The spectre of AVE


In homage to Measurement Week 2014 I issued a survey on the use of Advertising Value Equivalence (AVE) via Twitter asking whether the disputed metric is still prevalent in the PR and marketing industries. The results might surprise:

Over 100 of you responded, with 42.86% stating that they still use AVE as a form of measurement for the majority of their clients. Just 10.2% of respondents said that they do not use the metric for any of their clients,  with a further 10.2% saying that they rarely use it.

Finally, 20.41% said that they still use AVE for all clients.

The value of AVE as a measurement for PR has long been debated, and the Barcelona Principles set out in 2010 were,  in part,  designed to do away with the metric. While this survey only offers a very small cross-section of the PR and marketing industry,  it clearly shows that AVE is still in common use.

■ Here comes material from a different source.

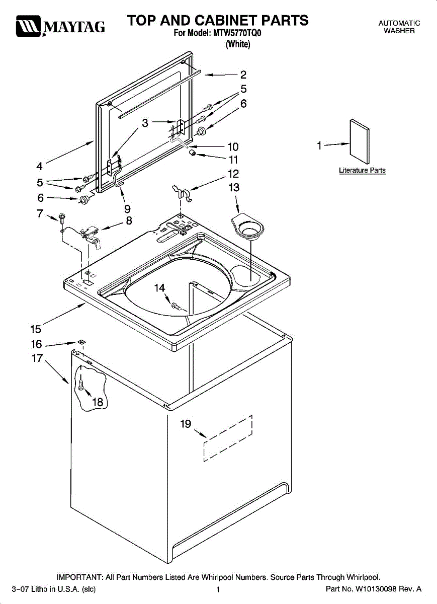 Parts for Maytag MTW5770TQ0: 01 - Top And Cabinet Parts

I hope that AMEC’s Measurement Week will provide some clarity on replacing this outdated and ineffectual metric, helping PR professionals to understand alternatives, educate their clients and push for a viable and long-term solution that offers an accurate representation of the benefits of PR.

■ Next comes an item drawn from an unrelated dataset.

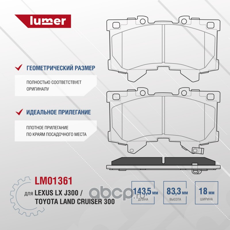 | lumer | LM01361 | Колодки тормозные передние дисковые TOYOTA Land Cruiser 300 / 4 Runner / Sequoia / Tacoma / Tundra / LEXUS GX LX | ||

2 thoughts on “The spectre of AVE

  1. Interestingly, you’ve captured the dirty little secret of AVEs in a measurement poll. All reputable measurement services have pledged to end AVEs. However, I suspect that many of those services also confirmed that they still include AVEs. How Universal Information Services looks at the issue is that it is our responsibility to counsel our measurement clients on the best methods for measuring their outcomes relevant to goals. That includes discussing specific metrics that truly gauge impact and behavior. But, if a client wishes to also include AVE as a metric because they have a colleague who doesn’t care about the debate, and wants to see that number, we will include it with a definition of use.

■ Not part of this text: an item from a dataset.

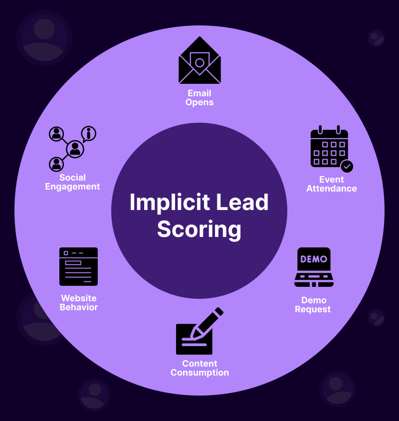 The implicit lead scoring model depends on a lead’s behavioral and engagement data. It tracks prospects’ online behavior, such as website visits, email engagement, event attendance, etc., and gauges their level of interest in your products.

    All metrics should be defined when used for PR measurement. The methodology should be transparent and the numbers/math included for the client so they can confirm the accuracy of the work. Including an AVE as a key metric is reckless, but including it as a qualified metric can be appropriate when the user is properly educated and demands it. Of course these are my feelings, others may disagree. Thanks for sharing this post!